- Theatrical release poster
- Directed by: John Carpenter
- Written by: John Carpenter Larry Sulkis
- Produced by: Sandy King
- Starring: Ice Cube; Natasha Henstridge; Jason Statham; Pam Grier; Clea DuVall; Joanna Cassidy;
- Cinematography: Gary B. Kibbe
- Edited by: Paul C. Warschilka
- Music by: John Carpenter
- Production companies: Screen Gems Storm King Productions
- Distributed by: Sony Pictures Releasing
- Release date: August 24, 2001;
- Running time: 98 minutes
- Country: United States
- Language: English
- Budget: $28 million
- Box office: $14 million

= Ghosts of Mars =

2001 film by John Carpenter

Ghosts of Mars (titled onscreen as John Carpenter's Ghosts of Mars) is a 2001 American action horror film written, directed and scored by John Carpenter. It was produced by Screen Gems and distributed by Sony Pictures Releasing. It stars Natasha Henstridge, Ice Cube, Jason Statham, Pam Grier, Clea DuVall and Joanna Cassidy. Set on a colonized Mars in the 22nd century, the film follows a squad of police officers and a convicted criminal who fight against the residents of a mining colony who have been possessed by the ghosts of the planet's original inhabitants.
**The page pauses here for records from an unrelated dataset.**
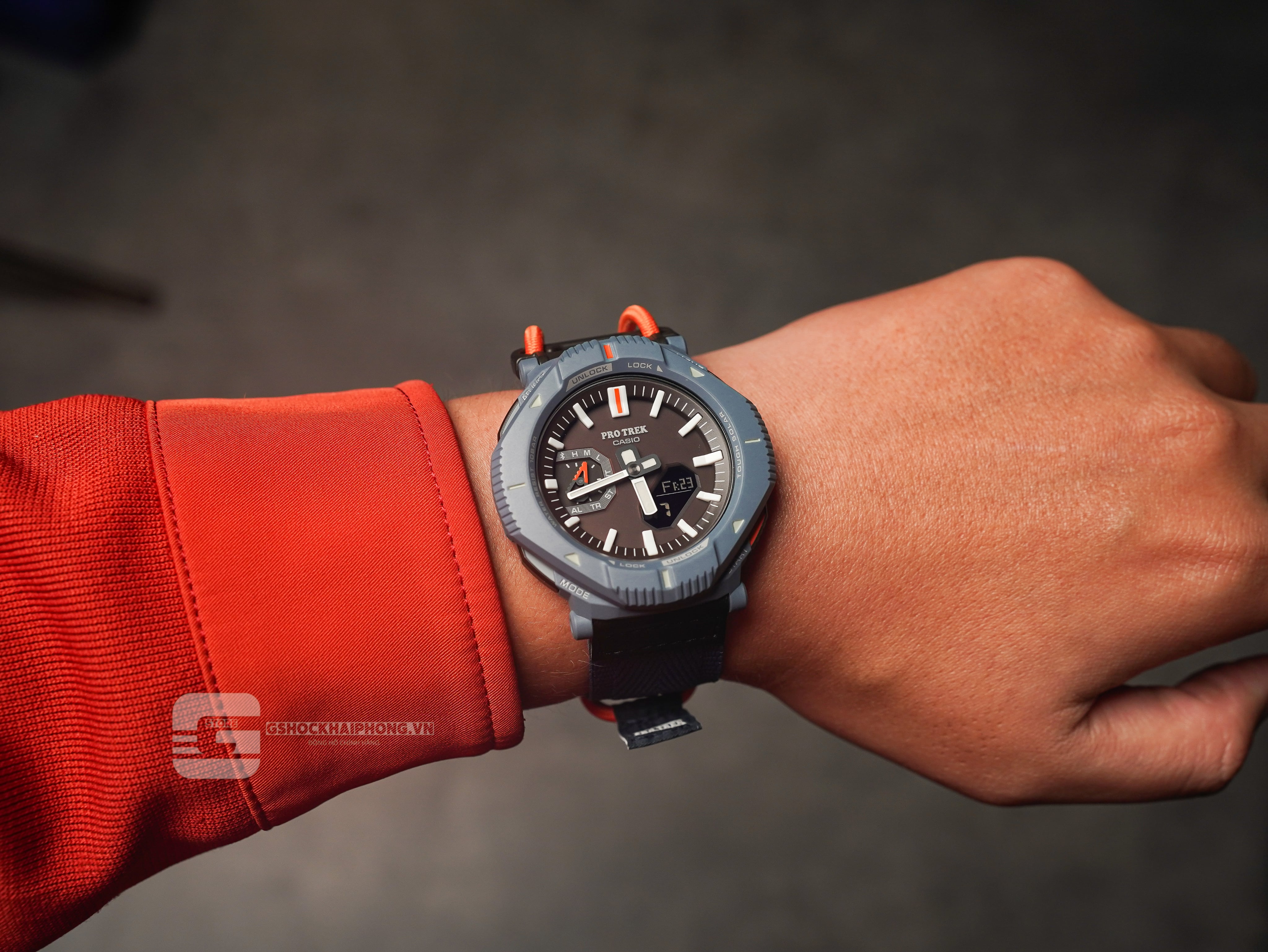 PRJ-B001 nâng tầm thiết bị lên một tầm cao mới với gờ bảo vệ xoay đầu tiên trong dòng PRO TREK. Xoay gờ xoay để chuyển đổi giữa hai phong cách riêng biệt. Khi được đặt để thể hiện một thiết kế góc cạnh đầy phong cách, bổ sung cho phong cách thời trang hàng ngày, gờ bao phủ các nút, ngăn ngừa việc vô tình nhấn nút khi đi bộ ra ngoài hoặc trong thị trấn. Xoay gờ 45 độ để đồng hồ trông tròn hơn và mở các nút để dễ dàng truy cập chức năng khi đi bộ đường dài hoặc tập luyện.
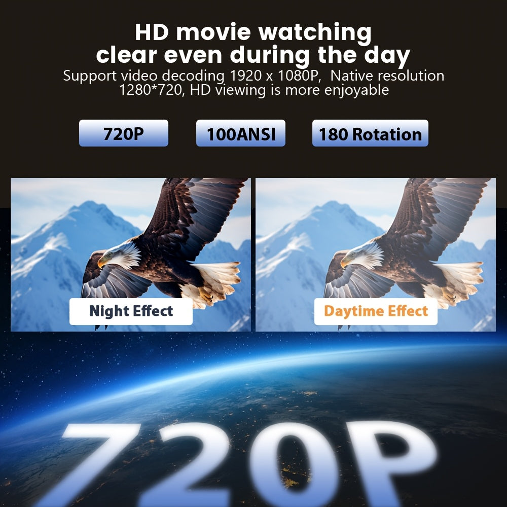The AMOVFILM Mini Projector delivers a clean, cinematic projection experience in a compact, hassle-free design. With a native 1280x720 HD resolution, it produces sharp, clear images that look great on any wall. Its 16:9 aspect ratio ensures the perfect widescreen look for movies, TikToks, or aesthetic room-vibe scenes.
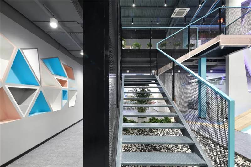 前廳左側(cè),設(shè)計結(jié)構(gòu)簡單的樓梯,運用與二層欄桿材質(zhì)相同的鐵絲網(wǎng)扶手,使得兩層樓形成一個工業(yè)風(fēng)的整體。側(cè)邊與扶手點綴以藍(lán)色和粉色的噴漆,樓梯下布置用鵝卵石,仙人掌和燈光組成的景觀裝置小品,讓整個電競空間生機勃勃,平添許多年輕活躍的氛圍。此處木飾面的吧臺延伸到地面再與前臺、右側(cè)大臺階連接形成一個整體,使整個空間更加連貫統(tǒng)一。
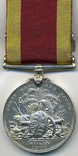- ^ "China War Medal 1900". www.onlinemedals.co.uk. Online Medals. Archived from the original on 22 September 2021. Retrieved 18 September 2024.

Ghosts of Mars received mostly negative reviews and was a box office flop, earning $14 million against a $28 million production budget. The film would be John Carpenter's last until his return with The Ward in 2010.

Ghosts of Mars has garnered a cult following since its release, with critics praising the action sequences, soundtrack and blending of genres.

==Plot==
In the year 2176, Mars has been 84% terraformed, giving the planet an Earth-like atmosphere. Martian society has become matriarchal, centering on the city of Chryse, with smaller outposts connected by an expansive network of trains. Police Lieutenant Melanie Ballard is called before a tribunal to give testimony, following a disastrous mission to the remote mining outpost Shining Canyon to retrieve convicted felon James 'Desolation' Williams to stand trial. She is apparently the sole survivor.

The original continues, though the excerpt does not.